*** Begin section ***

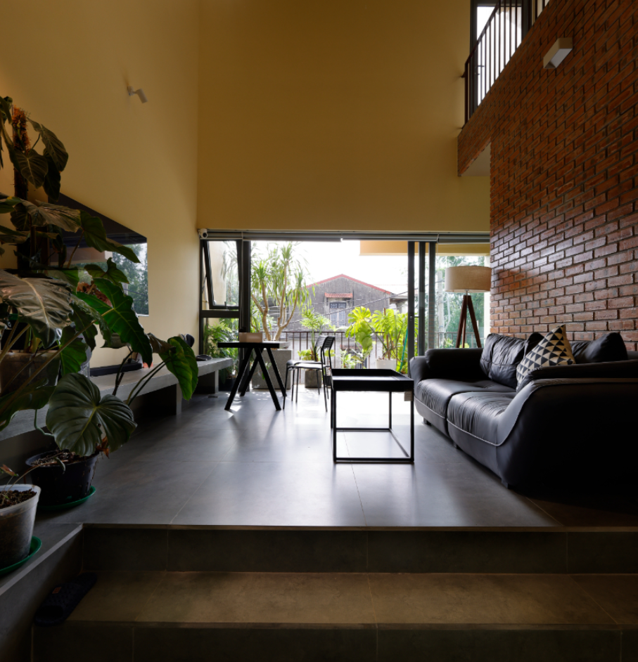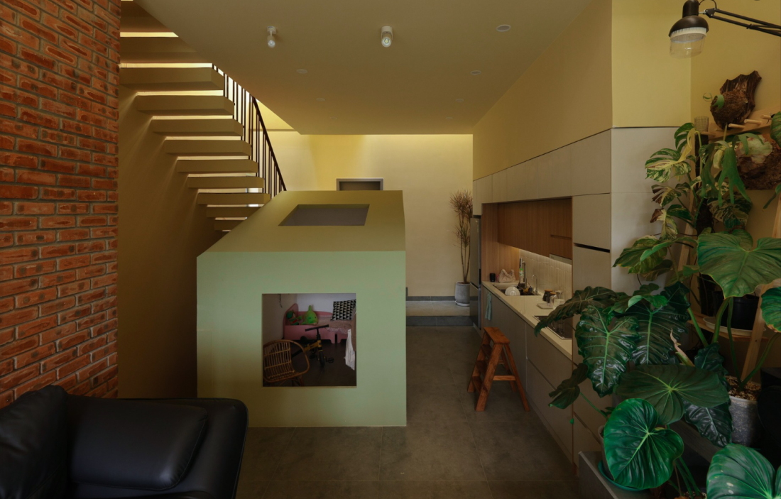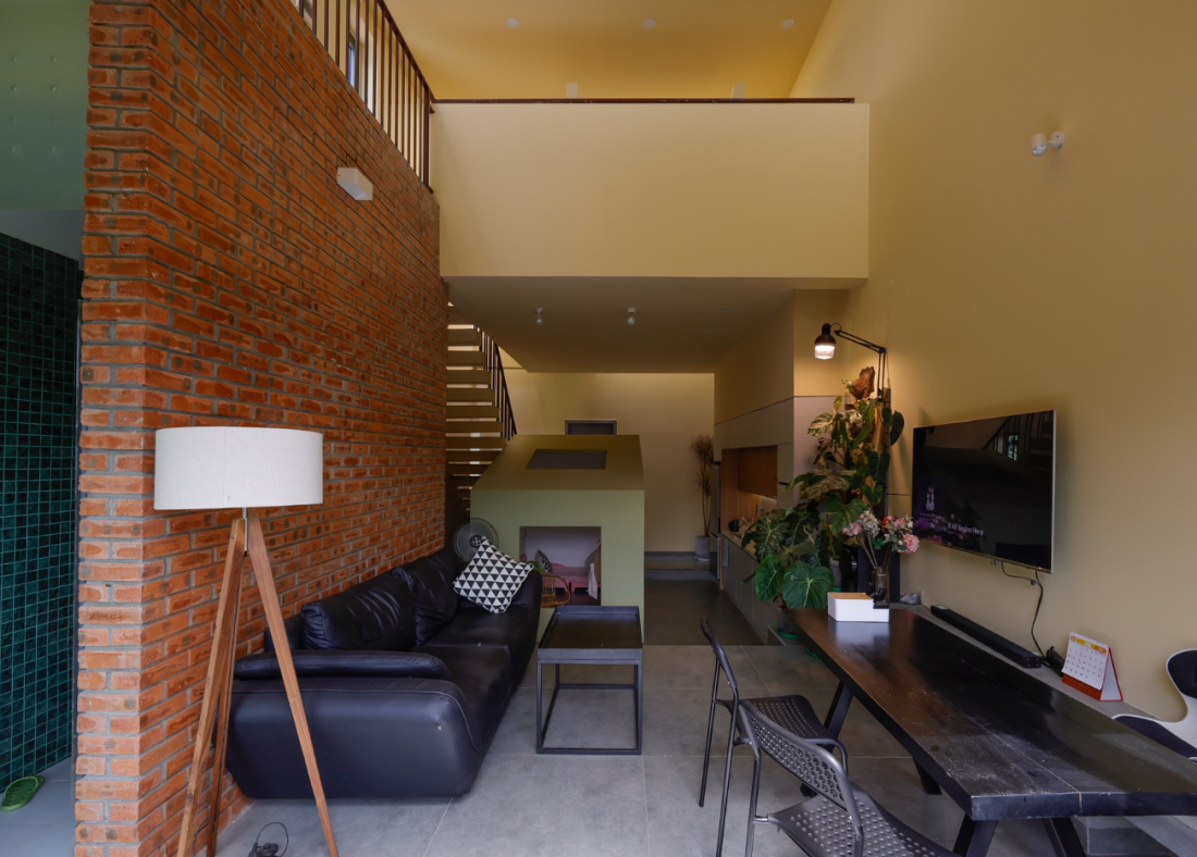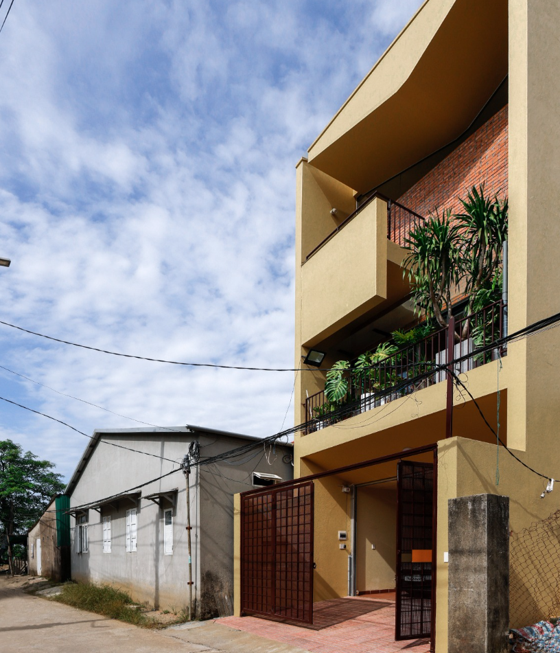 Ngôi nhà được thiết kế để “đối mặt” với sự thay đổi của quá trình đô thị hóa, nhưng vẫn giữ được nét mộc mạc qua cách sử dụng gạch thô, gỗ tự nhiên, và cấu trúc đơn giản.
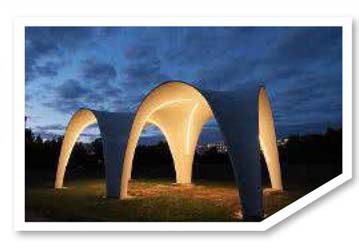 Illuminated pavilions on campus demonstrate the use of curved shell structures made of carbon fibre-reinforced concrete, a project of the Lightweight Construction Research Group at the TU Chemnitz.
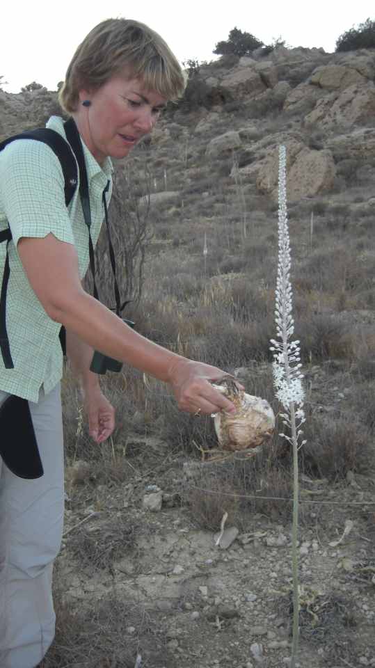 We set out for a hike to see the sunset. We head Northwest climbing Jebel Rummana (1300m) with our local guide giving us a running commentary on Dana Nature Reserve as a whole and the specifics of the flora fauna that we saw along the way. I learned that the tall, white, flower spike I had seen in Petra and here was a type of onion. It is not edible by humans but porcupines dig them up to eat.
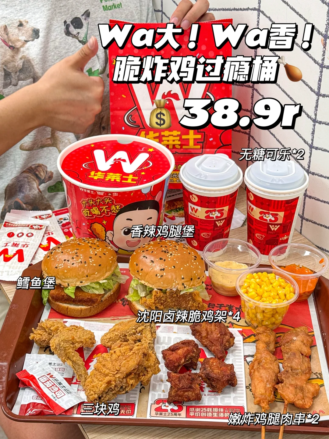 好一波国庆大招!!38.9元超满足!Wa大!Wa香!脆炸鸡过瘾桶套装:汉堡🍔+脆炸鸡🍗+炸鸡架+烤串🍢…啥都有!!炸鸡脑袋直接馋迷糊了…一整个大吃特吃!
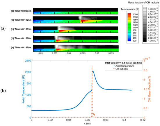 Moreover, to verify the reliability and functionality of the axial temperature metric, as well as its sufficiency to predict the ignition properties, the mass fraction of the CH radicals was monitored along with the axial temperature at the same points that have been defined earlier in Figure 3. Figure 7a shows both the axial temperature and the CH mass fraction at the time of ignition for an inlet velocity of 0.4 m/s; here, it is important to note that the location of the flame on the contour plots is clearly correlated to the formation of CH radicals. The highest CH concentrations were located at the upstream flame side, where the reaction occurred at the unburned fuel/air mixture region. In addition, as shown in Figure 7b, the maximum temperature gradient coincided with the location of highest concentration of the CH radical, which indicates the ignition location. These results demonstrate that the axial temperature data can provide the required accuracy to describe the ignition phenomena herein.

*** End section ***
*** Begin section ***

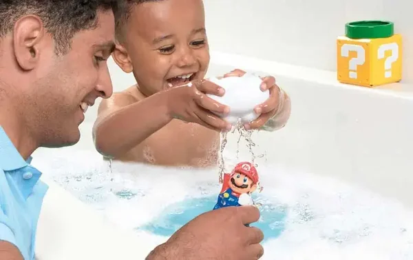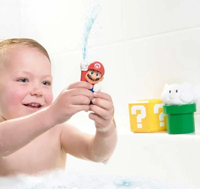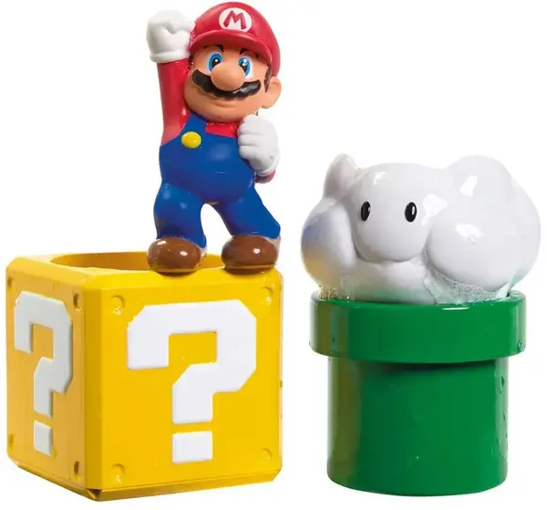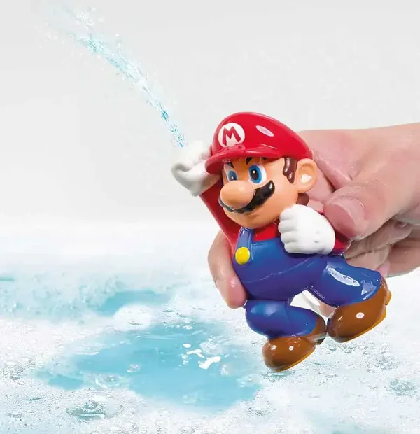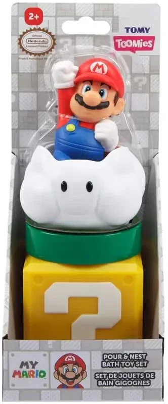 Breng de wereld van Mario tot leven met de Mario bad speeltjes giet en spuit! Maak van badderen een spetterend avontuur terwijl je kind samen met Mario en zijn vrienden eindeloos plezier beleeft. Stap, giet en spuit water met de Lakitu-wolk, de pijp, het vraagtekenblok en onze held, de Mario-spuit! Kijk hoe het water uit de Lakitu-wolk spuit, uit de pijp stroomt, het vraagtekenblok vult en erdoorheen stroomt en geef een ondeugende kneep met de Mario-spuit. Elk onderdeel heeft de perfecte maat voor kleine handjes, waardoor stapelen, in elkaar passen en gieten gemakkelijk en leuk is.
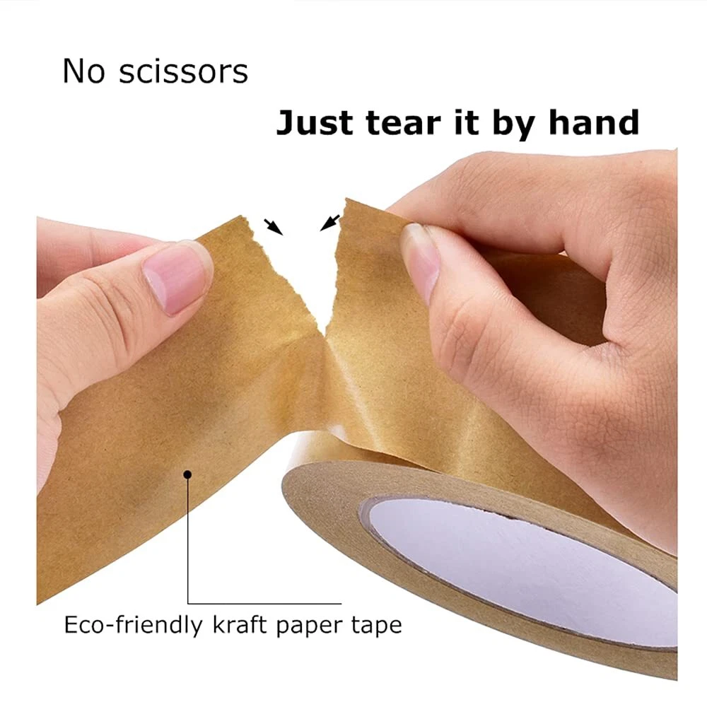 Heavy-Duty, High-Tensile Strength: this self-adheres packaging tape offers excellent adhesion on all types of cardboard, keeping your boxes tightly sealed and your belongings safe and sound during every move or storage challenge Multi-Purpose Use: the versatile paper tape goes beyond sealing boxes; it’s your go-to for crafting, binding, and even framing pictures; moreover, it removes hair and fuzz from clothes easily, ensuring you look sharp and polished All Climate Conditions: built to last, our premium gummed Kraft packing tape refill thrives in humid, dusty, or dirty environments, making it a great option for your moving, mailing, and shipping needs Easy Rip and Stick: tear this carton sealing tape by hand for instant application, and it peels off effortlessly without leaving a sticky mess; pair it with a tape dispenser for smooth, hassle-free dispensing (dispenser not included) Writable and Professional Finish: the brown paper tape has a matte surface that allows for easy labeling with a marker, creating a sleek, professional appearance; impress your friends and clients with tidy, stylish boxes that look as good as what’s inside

*** End section ***
*** Begin section ***

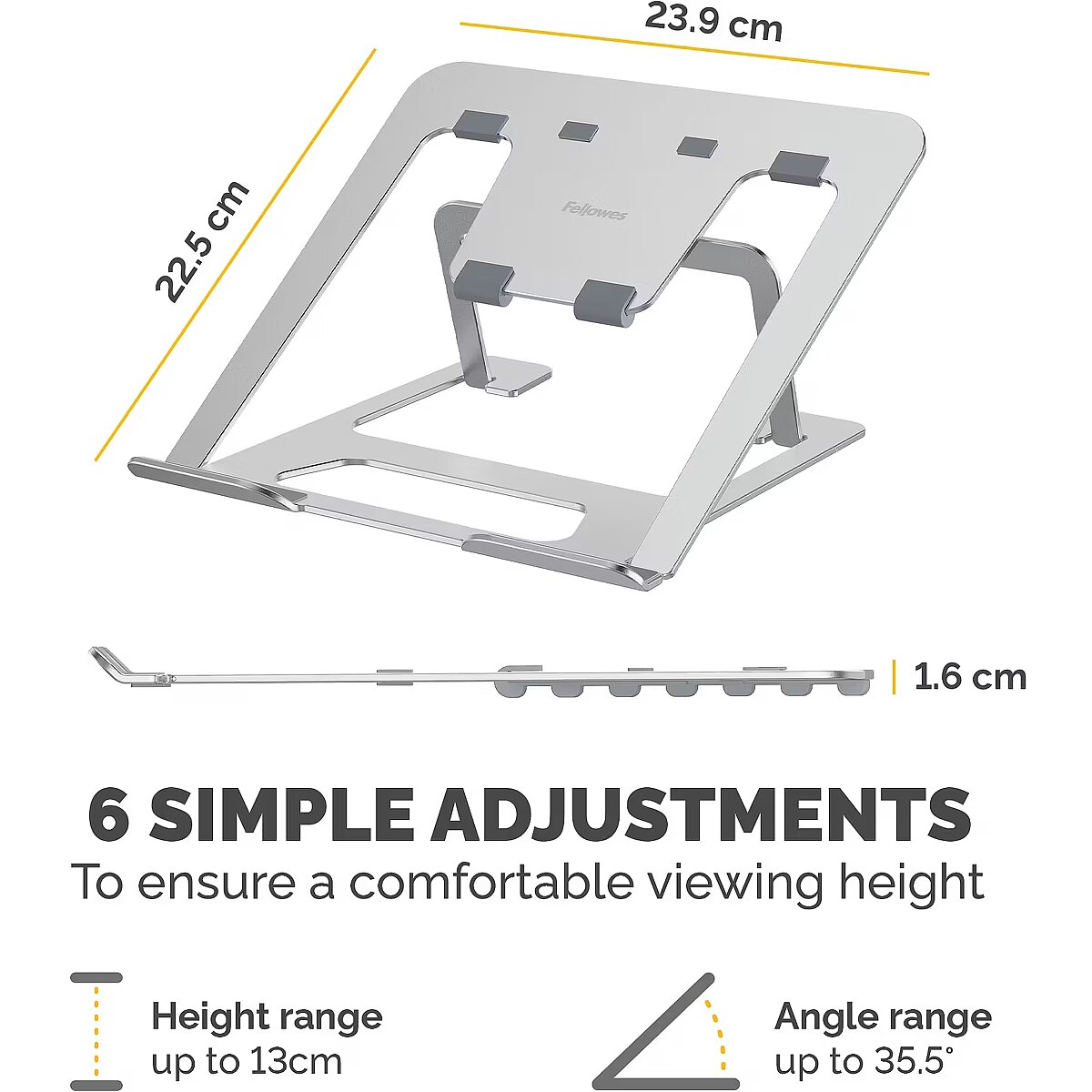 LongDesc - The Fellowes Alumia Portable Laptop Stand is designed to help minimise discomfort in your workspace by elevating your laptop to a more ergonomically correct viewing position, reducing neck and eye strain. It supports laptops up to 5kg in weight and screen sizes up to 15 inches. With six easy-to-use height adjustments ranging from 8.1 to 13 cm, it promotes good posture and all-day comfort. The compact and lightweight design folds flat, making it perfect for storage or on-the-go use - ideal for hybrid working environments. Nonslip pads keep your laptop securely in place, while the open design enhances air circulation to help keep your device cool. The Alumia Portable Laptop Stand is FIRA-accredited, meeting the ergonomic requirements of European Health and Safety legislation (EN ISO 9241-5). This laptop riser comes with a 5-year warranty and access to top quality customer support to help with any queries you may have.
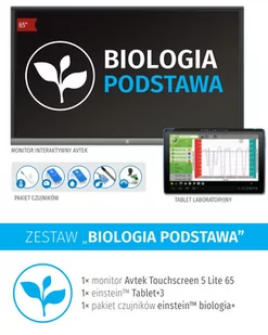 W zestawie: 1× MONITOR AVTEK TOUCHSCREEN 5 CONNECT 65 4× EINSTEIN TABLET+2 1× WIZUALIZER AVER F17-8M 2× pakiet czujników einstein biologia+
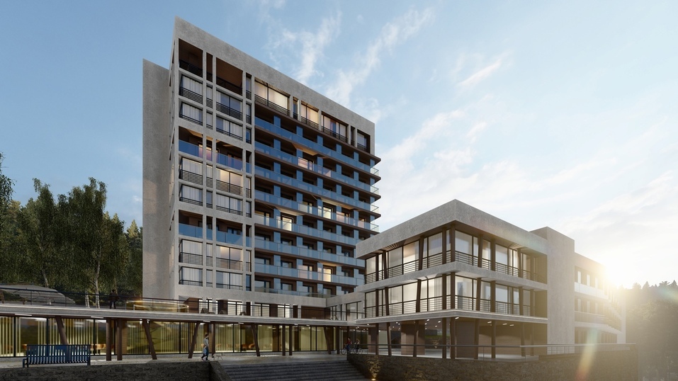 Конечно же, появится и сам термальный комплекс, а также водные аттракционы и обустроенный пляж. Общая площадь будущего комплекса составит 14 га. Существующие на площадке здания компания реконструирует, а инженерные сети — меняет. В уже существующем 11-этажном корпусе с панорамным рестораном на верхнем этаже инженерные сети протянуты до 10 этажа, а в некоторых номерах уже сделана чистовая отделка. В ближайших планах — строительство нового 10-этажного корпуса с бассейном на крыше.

*** End section ***

◆ What is expected ◆
From the records above, transcribe only the stretch from the line with "We set out for" through the line with "Moreover, to verify", keeping both ends. Omit pictures.

◆ Result below ◆
 We set out for a hike to see the sunset. We head Northwest climbing Jebel Rummana (1300m) with our local guide giving us a running commentary on Dana Nature Reserve as a whole and the specifics of the flora fauna that we saw along the way. I learned that the tall, white, flower spike I had seen in Petra and here was a type of onion. It is not edible by humans but porcupines dig them up to eat.
 好一波国庆大招!!38.9元超满足!Wa大!Wa香!脆炸鸡过瘾桶套装:汉堡🍔+脆炸鸡🍗+炸鸡架+烤串🍢…啥都有!!炸鸡脑袋直接馋迷糊了…一整个大吃特吃!
 Moreover, to verify the reliability and functionality of the axial temperature metric, as well as its sufficiency to predict the ignition properties, the mass fraction of the CH radicals was monitored along with the axial temperature at the same points that have been defined earlier in Figure 3. Figure 7a shows both the axial temperature and the CH mass fraction at the time of ignition for an inlet velocity of 0.4 m/s; here, it is important to note that the location of the flame on the contour plots is clearly correlated to the formation of CH radicals. The highest CH concentrations were located at the upstream flame side, where the reaction occurred at the unburned fuel/air mixture region. In addition, as shown in Figure 7b, the maximum temperature gradient coincided with the location of highest concentration of the CH radical, which indicates the ignition location. These results demonstrate that the axial temperature data can provide the required accuracy to describe the ignition phenomena herein.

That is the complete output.